Prateek Joshi (36:39.042)
What's your wildest AI prediction for the next 12 months?

Alan Cowen (36:43.83)
Wildest AI prediction for the next 12 months is that we're going to have, I mean, maybe this is my myopic view, but I do think we're going to have voice interfaces in a lot of different products. And, we had ChatGPT was like the first revolution and having text interfaces with the first revolution. But once people realize what voice interfaces are capable of doing in conjunction with a graphical user interface, we're going to see them take over.

Prateek Joshi (37:12.302)
All right, final question. What's your number one advice to founders who are starting out today?

Alan Cowen (37:19.458)
So I think that, well, one piece of advice is that any company you're gonna found today is in some sense an AI company, if it's scalable, if it is a technology company, there's lots of other plays that you can make, but if you're gonna start a tech company, I think in some sense it is an AI company at this point. And you should focus on what is going to be possible in six months with the, and really understand where the models are going. And that's sort of an essential thing to do.

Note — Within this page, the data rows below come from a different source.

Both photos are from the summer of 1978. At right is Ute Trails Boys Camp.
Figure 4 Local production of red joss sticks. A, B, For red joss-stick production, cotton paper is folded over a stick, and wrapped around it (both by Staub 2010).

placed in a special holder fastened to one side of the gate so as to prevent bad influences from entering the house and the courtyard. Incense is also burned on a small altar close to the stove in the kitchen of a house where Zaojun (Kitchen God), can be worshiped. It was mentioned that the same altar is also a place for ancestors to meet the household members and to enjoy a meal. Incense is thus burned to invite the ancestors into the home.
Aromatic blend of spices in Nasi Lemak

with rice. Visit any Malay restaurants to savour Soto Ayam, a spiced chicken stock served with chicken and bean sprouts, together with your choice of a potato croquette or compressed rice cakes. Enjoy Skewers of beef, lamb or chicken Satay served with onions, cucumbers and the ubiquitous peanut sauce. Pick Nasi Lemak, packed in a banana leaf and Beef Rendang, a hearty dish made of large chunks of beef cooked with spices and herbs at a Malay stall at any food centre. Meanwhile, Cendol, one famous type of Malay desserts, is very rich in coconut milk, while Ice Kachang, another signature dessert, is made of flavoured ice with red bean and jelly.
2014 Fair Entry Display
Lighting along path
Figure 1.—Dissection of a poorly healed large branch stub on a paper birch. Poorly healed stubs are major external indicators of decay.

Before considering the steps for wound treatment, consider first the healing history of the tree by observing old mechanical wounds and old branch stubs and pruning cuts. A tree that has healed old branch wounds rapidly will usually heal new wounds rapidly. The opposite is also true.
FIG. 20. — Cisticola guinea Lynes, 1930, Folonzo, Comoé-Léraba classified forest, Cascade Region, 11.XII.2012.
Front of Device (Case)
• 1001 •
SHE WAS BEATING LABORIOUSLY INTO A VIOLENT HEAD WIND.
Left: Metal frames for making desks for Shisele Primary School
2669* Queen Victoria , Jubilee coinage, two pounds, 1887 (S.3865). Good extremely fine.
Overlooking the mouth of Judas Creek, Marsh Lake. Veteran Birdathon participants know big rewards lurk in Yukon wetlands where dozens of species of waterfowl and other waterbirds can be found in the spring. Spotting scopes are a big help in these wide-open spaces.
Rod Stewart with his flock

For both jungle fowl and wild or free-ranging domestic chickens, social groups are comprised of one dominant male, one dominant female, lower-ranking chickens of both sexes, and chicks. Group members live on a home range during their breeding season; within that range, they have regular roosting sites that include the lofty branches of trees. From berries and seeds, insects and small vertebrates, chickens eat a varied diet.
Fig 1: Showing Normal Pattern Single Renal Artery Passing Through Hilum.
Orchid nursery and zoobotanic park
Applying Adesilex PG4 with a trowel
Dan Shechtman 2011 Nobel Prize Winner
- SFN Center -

because otherwise you're going to be building kind of to fill gaps that exist now that won't exist in six months and it'll take you six months to build it. And by the time you build it, the gap won't exist anymore. So you have to really make, you have to be much more predictive of like, macro trends than you used to have to be.

Prateek Joshi (38:06.518)
Yeah, that's fantastic advice and so good. So, Alan, first of all, thank you so much for sharing all this insight. Love the topic, love everything about these are hard learned insights. So thank you so much for coming onto the show and sharing it. Of course.

Alan Cowen (38:21.418)
Of course, yeah. Thanks for having me.